И в доказательство этой искренности он прикладывает руку к сердцу.
Такой торжественный тон заставляет Наталью Ивановну насторожиться.
– Садитесь, граф!
Оба садятся; она тщательно оправляет платье и вздыхает:
– Ах, все эти серьезные дела, граф, мне успели уж так надоесть сегодня, хотя я и недавно встала!.. О серьезных делах вам надо бы говорить с моим свекром… А с меня довольно своих тяжестей… Три дочери, граф, так как вы не жених и не отец жениха, то я вам могу пожаловаться на эту тяжесть!
– И очень, очень кстати! Именно мне!.. – подхватывает Толстой… – Правда, я не жених, о чем очень сожалею, и не отец женихов, – об этом я сожалею меньше, – но отчего бы мне не быть вот сейчас сватом, а? Как вы находите, Наталья Ивановна, гожусь я в сваты?
При этих словах Наталья Ивановна вся преображается против своего желания показать это.
– Неужели? Вы, конечно, шутите, как всегда?
– Помилуйте, я ведь сказал вам, что по серьезному делу!

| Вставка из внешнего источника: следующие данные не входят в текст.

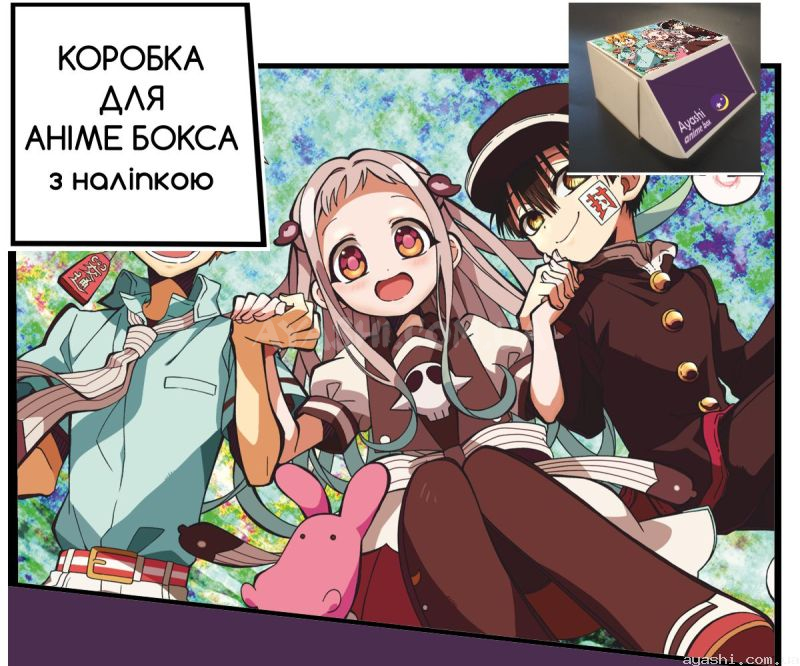Сувенірна картонна коробка з наліпкою для формування аніме-боксу, дизайн зовнішньої частини виконано за мотивами Toilet-bound Hanako-kun.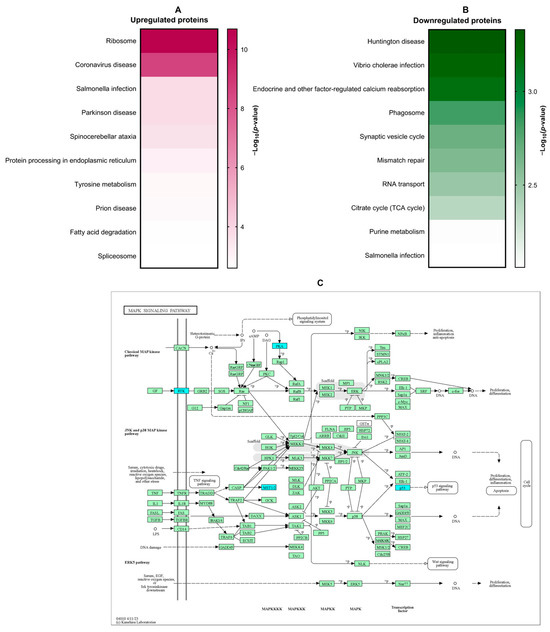 The KEGG analysis of DEPs. Amongst the most significantly enriched KEGG signaling pathways, differential protein expression patterns emerged (upregulated: A; downregulated: B). Notably, the MAPK signaling pathway exhibited a pronounced association with downregulated proteins (C; indicated in blue).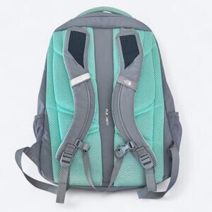 The North Face Jester Hiking Camping Climbing Outdoors Laptop Backpack from The North Face in Light Gray & Teal Green.

– Я знаю, что это за серьезные дела! Вексель, который просрочен и отсрочен и по которому наконец надо платить! Но ведь этими делами ведает Афанасий Николаич, а не я, нет!
– Нет, к вам, дорогая Наталья Ивановна, на вашу половину я не с тем пришел, не с тем!
И вдруг, вдохновенно поднявшись сам, он подымает ее и подводит к иконам:
– Помолимся Господу!.. Помоги, Господи, принять решение твердое ко благу, а не во вред!.. – Он истово крестится и кланяется низко на три стороны, так как с трех сторон висят иконы. Наталья Ивановна крестится и кланяется тоже, но вопросительно глядит на него вбок. – Дай нам, Боже, ума светлого! – продолжает креститься Толстой, наконец говорит просто: – Вот теперь наша беседа освещена. Теперь сядемте, поговорим. Вы, конечно, знаете Пушкина?
При этой фамилии очень оживляется Наталья Ивановна:
– Графа? Какого именно?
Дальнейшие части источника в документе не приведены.